Right, and we end up using an the pirq/gsi number at that point. This
patch would not touch that logic.
> In any case I still think that it is a good idea to try to avoid the problem.
>
> In order to solve this issue you can:
>
> - add a static offset to get_nr_hw_irqs in case of pv domains;
>
> - use the patch "xen: get the maximum number of pirqs from
> xen" [1] to get the highest possible pirq number from xen so that we can be
> sure we are using an allowed value;
>
> - if the xen interface allows it, disjoin the concept of pirq from the
> concept of linux irq; then you can let xen choose any pirq number it
> wants (see my patch "xen: support pirq != irq" [2] and how you can exploit
> it in the patch "xen: implement xen_hvm_register_pirq" [3]).
> Of course this doesn't help if it must be linux the one that chooses the
> pirq number.
All of those deal with PCI devices.
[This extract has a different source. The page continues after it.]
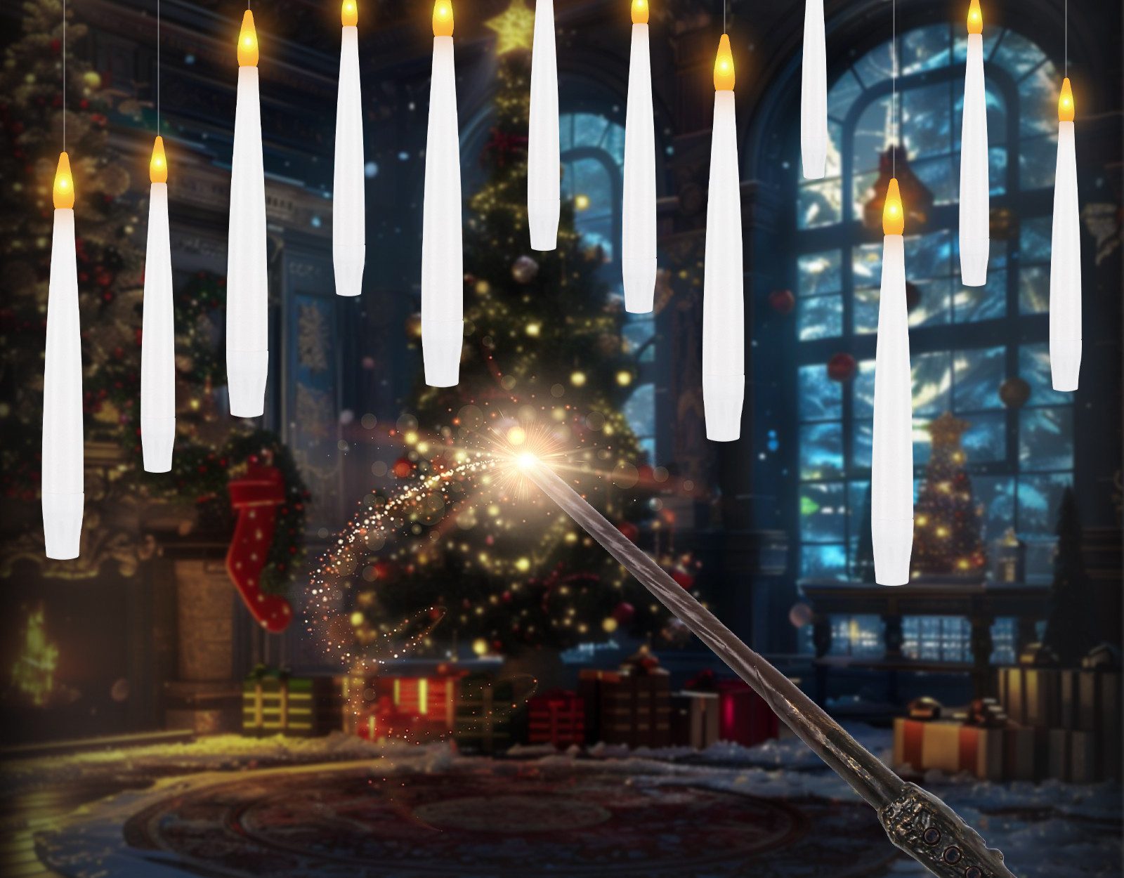 (Weihnachtsbaumkerzen weihnachtsdeko halloween kerzen), LED Schwebende Timer Zauber Fliegende Kerzen Weihnachten

This patch is intended for the bug
where we want to deal with event channels and we don't want them to
usurp the irq_desc that are above NR_IRQs and where we get a PCI device for
which its IRQ falls within what info_for_irq(irq) would return: IRQT_VIRQ or
IRQT_IPI or IRQT_EVTCHN.
In other words, avoid colliding with event channels b/c those are allocated
earlier than the PCI devices.
FYI, the reason this is not triggered under HVM is that it has an IOAPIC.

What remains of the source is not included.